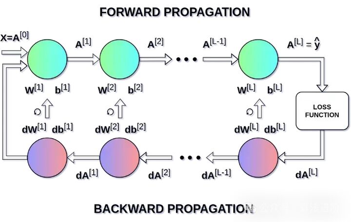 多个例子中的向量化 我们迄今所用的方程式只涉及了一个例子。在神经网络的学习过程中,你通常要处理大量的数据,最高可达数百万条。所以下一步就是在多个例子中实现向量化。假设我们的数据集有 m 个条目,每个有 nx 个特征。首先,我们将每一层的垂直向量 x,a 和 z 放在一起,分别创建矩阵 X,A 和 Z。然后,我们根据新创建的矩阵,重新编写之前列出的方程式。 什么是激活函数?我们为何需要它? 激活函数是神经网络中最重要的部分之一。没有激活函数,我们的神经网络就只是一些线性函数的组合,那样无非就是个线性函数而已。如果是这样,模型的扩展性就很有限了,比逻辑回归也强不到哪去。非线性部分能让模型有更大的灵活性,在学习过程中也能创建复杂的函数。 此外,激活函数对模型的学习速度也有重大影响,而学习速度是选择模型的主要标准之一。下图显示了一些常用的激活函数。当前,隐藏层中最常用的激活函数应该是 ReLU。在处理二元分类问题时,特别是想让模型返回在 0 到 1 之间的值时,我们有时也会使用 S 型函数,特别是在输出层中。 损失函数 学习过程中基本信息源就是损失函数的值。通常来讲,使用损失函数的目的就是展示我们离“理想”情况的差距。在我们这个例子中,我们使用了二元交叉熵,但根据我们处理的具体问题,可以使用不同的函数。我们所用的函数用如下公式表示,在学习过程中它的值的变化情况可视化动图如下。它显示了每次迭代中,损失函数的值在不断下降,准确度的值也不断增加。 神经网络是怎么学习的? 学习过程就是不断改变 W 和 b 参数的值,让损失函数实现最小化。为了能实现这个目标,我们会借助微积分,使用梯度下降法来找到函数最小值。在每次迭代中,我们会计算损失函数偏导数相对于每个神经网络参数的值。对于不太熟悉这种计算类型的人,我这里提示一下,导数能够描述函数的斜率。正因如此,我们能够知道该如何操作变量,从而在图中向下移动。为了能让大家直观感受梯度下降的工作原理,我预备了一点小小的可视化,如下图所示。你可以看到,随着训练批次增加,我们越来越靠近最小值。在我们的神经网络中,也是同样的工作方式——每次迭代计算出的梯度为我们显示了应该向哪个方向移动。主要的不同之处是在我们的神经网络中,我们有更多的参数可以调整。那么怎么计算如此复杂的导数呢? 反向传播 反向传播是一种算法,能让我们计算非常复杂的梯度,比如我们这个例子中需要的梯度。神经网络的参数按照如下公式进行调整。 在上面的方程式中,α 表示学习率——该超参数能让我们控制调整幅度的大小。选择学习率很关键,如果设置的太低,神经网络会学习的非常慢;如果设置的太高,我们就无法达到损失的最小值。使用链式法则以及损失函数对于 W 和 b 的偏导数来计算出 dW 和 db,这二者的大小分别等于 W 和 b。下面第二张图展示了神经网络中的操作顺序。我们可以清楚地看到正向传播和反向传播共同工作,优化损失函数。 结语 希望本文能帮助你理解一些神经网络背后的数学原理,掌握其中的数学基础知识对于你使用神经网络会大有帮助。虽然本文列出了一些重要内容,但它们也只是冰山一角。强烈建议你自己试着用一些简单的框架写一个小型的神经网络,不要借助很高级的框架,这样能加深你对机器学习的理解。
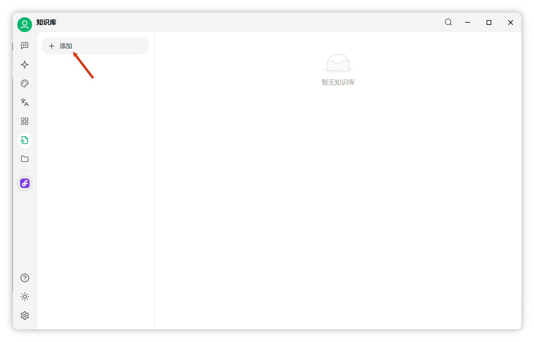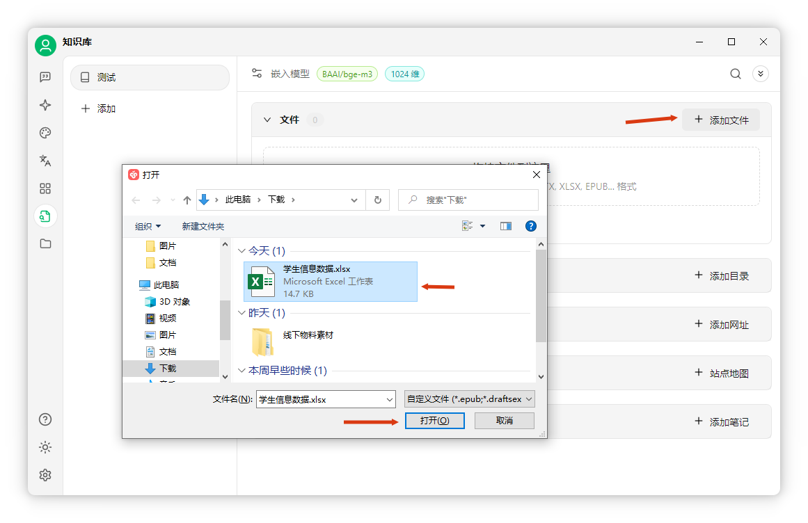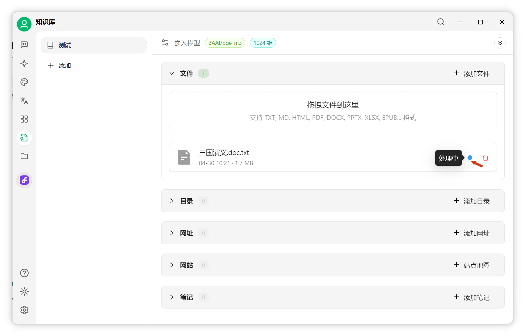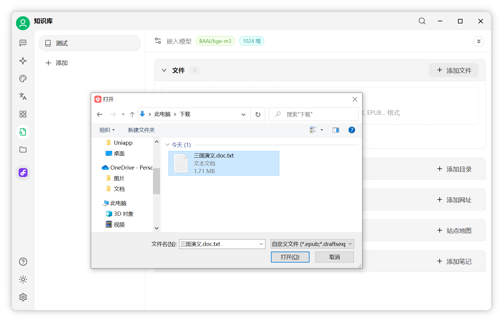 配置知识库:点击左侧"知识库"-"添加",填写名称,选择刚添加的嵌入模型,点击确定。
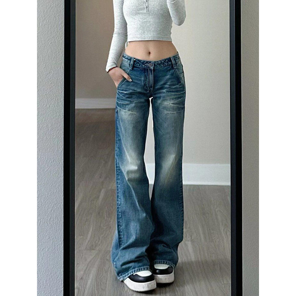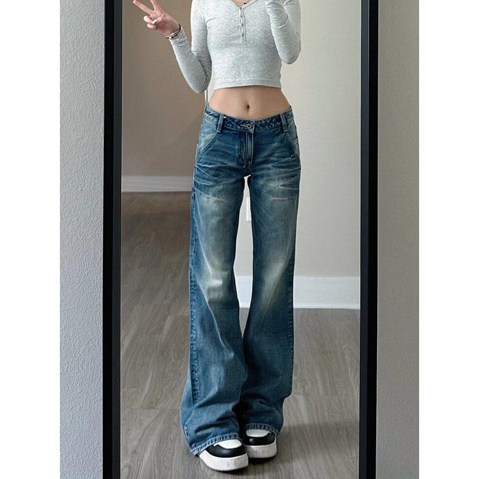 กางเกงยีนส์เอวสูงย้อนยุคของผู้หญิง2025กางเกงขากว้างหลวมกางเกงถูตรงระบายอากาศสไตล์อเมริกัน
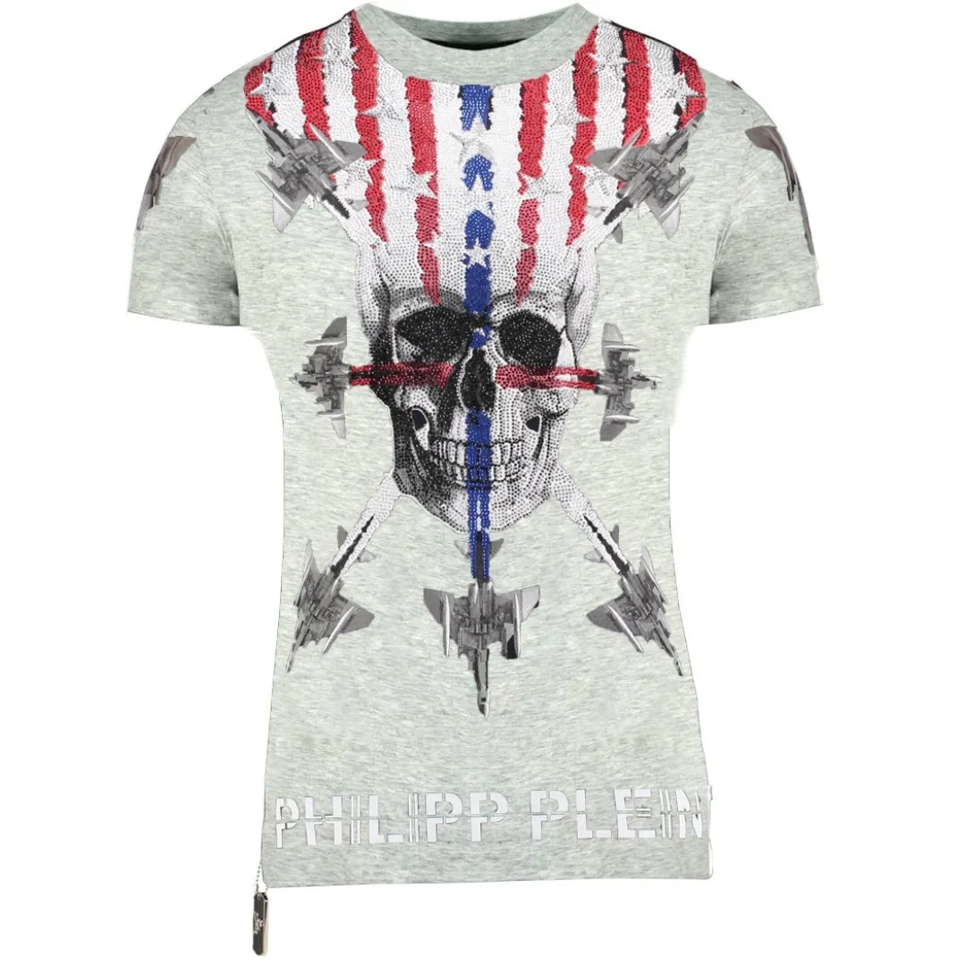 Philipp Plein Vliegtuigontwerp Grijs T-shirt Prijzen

◆ ◆ ◆ ◆ ◆

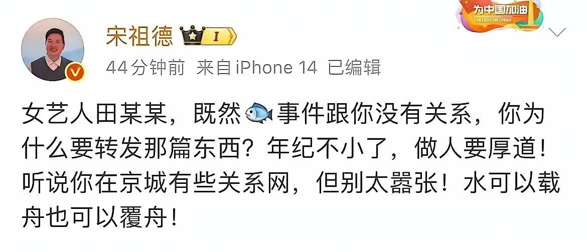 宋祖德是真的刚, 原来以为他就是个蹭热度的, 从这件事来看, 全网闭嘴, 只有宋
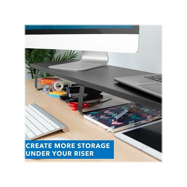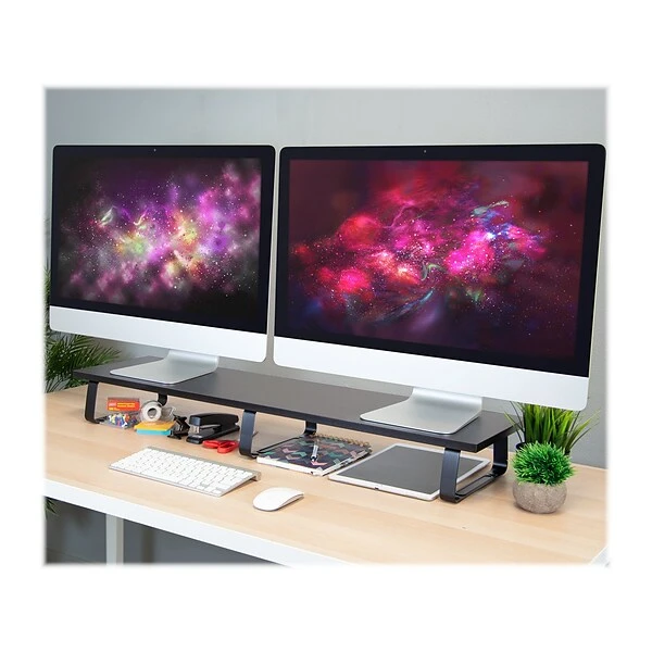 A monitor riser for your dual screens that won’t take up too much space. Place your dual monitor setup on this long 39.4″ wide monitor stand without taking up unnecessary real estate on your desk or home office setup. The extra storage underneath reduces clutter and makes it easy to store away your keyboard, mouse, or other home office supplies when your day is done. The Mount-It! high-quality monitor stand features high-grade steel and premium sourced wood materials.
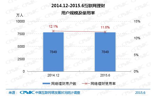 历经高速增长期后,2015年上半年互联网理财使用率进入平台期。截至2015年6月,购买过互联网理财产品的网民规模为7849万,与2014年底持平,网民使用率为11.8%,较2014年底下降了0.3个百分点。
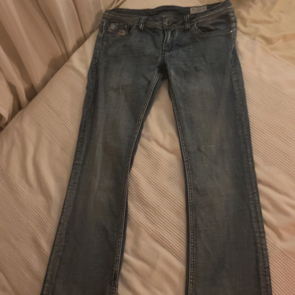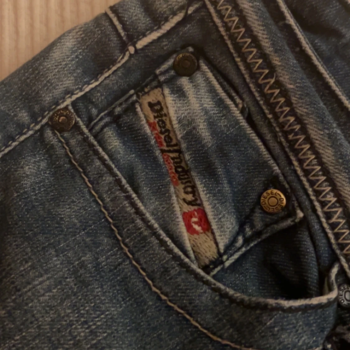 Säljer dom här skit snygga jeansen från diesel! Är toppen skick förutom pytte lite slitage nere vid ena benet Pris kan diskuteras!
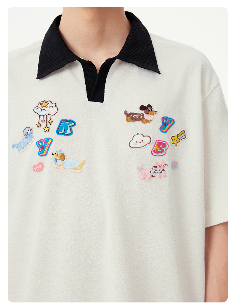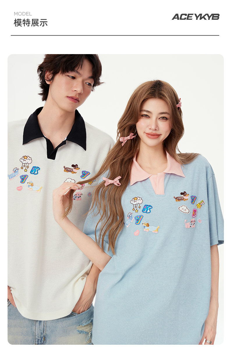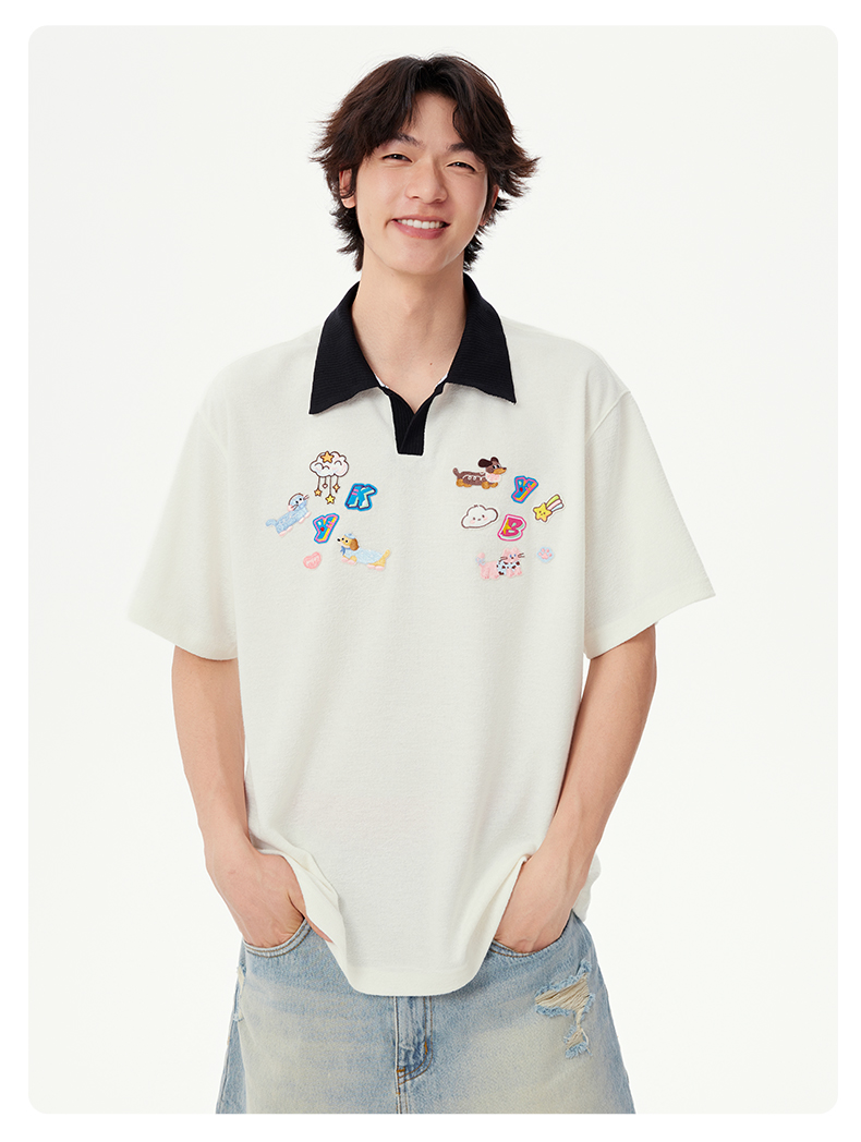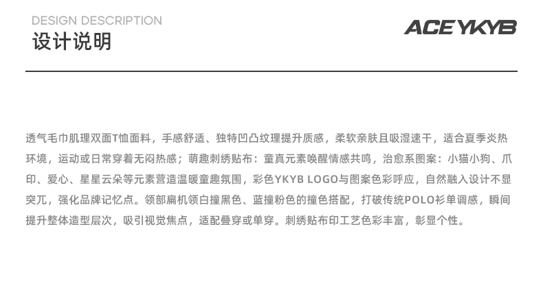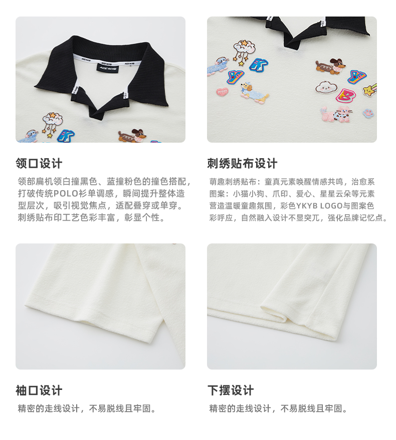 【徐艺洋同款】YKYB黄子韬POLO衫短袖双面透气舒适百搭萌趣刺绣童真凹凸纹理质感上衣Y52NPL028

◆ ◆ ◆ ◆ ◆

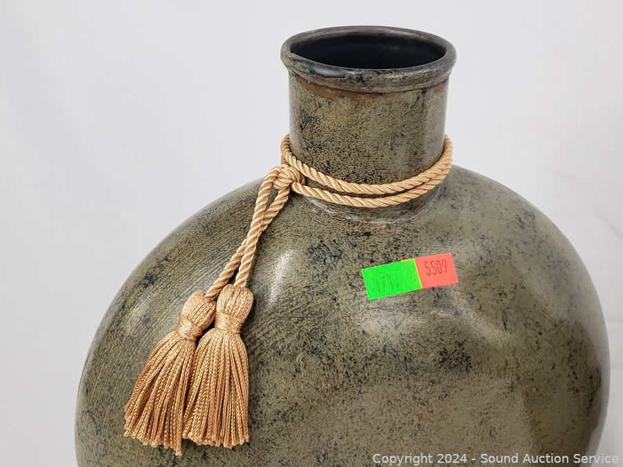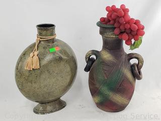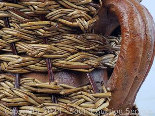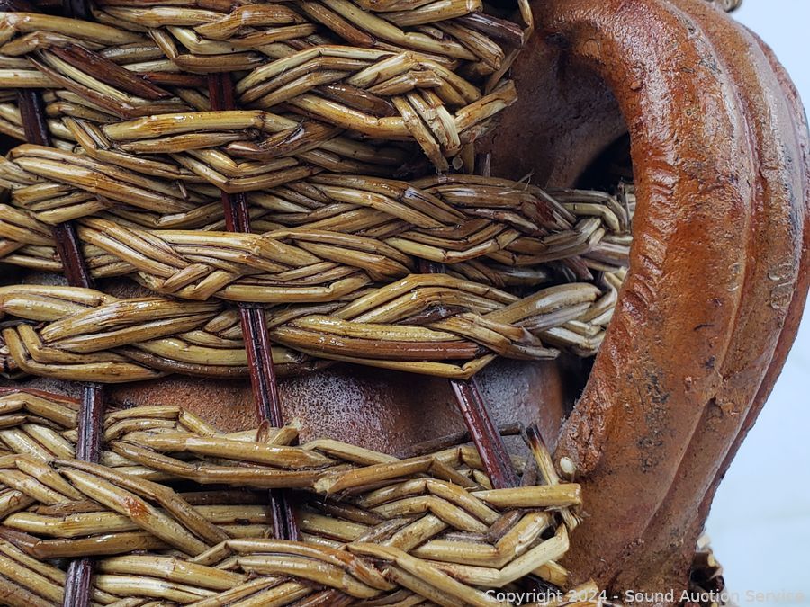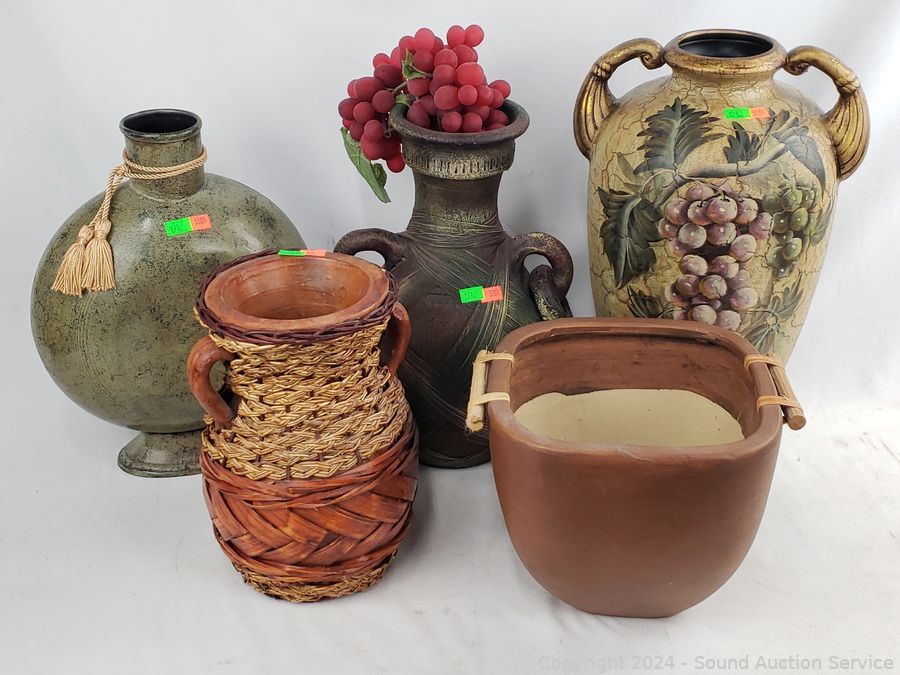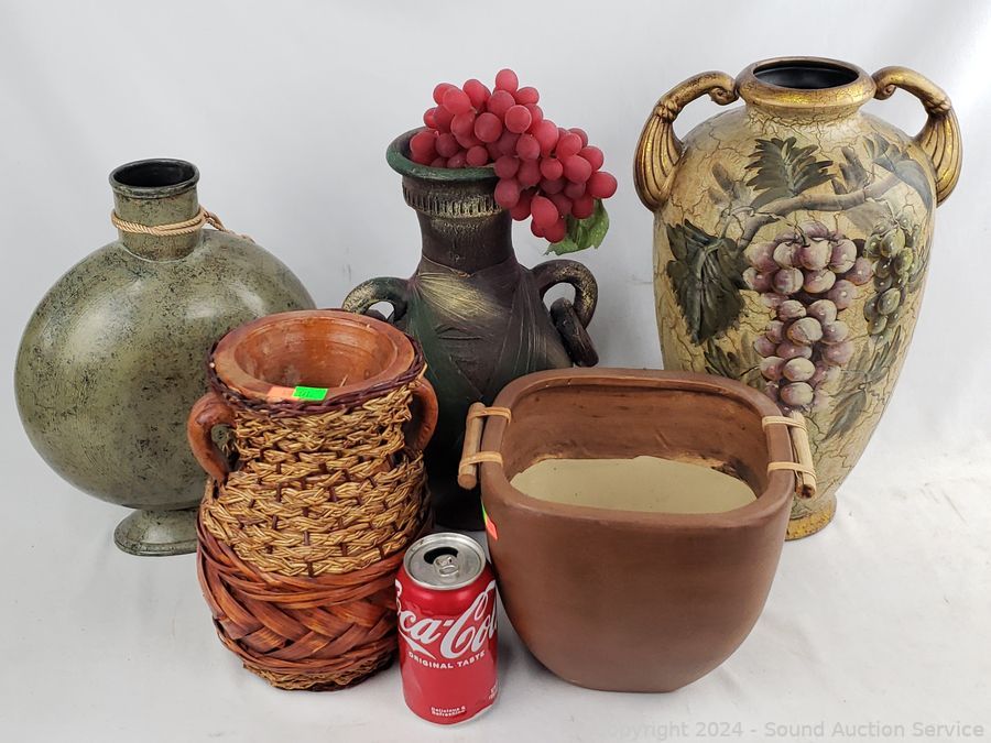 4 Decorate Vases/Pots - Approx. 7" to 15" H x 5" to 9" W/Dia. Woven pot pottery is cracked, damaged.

◆ ◆ ◆ ◆ ◆

** Exercise prompt **
Above are some entries. Restate word for word the lines from the one holding "กางเกงยีนส์เอว" through the one holding "Philipp Plein Vliegtuigontwerp", but not the pictures.

** Answer for this exercise **
 กางเกงยีนส์เอวสูงย้อนยุคของผู้หญิง2025กางเกงขากว้างหลวมกางเกงถูตรงระบายอากาศสไตล์อเมริกัน
 Philipp Plein Vliegtuigontwerp Grijs T-shirt Prijzen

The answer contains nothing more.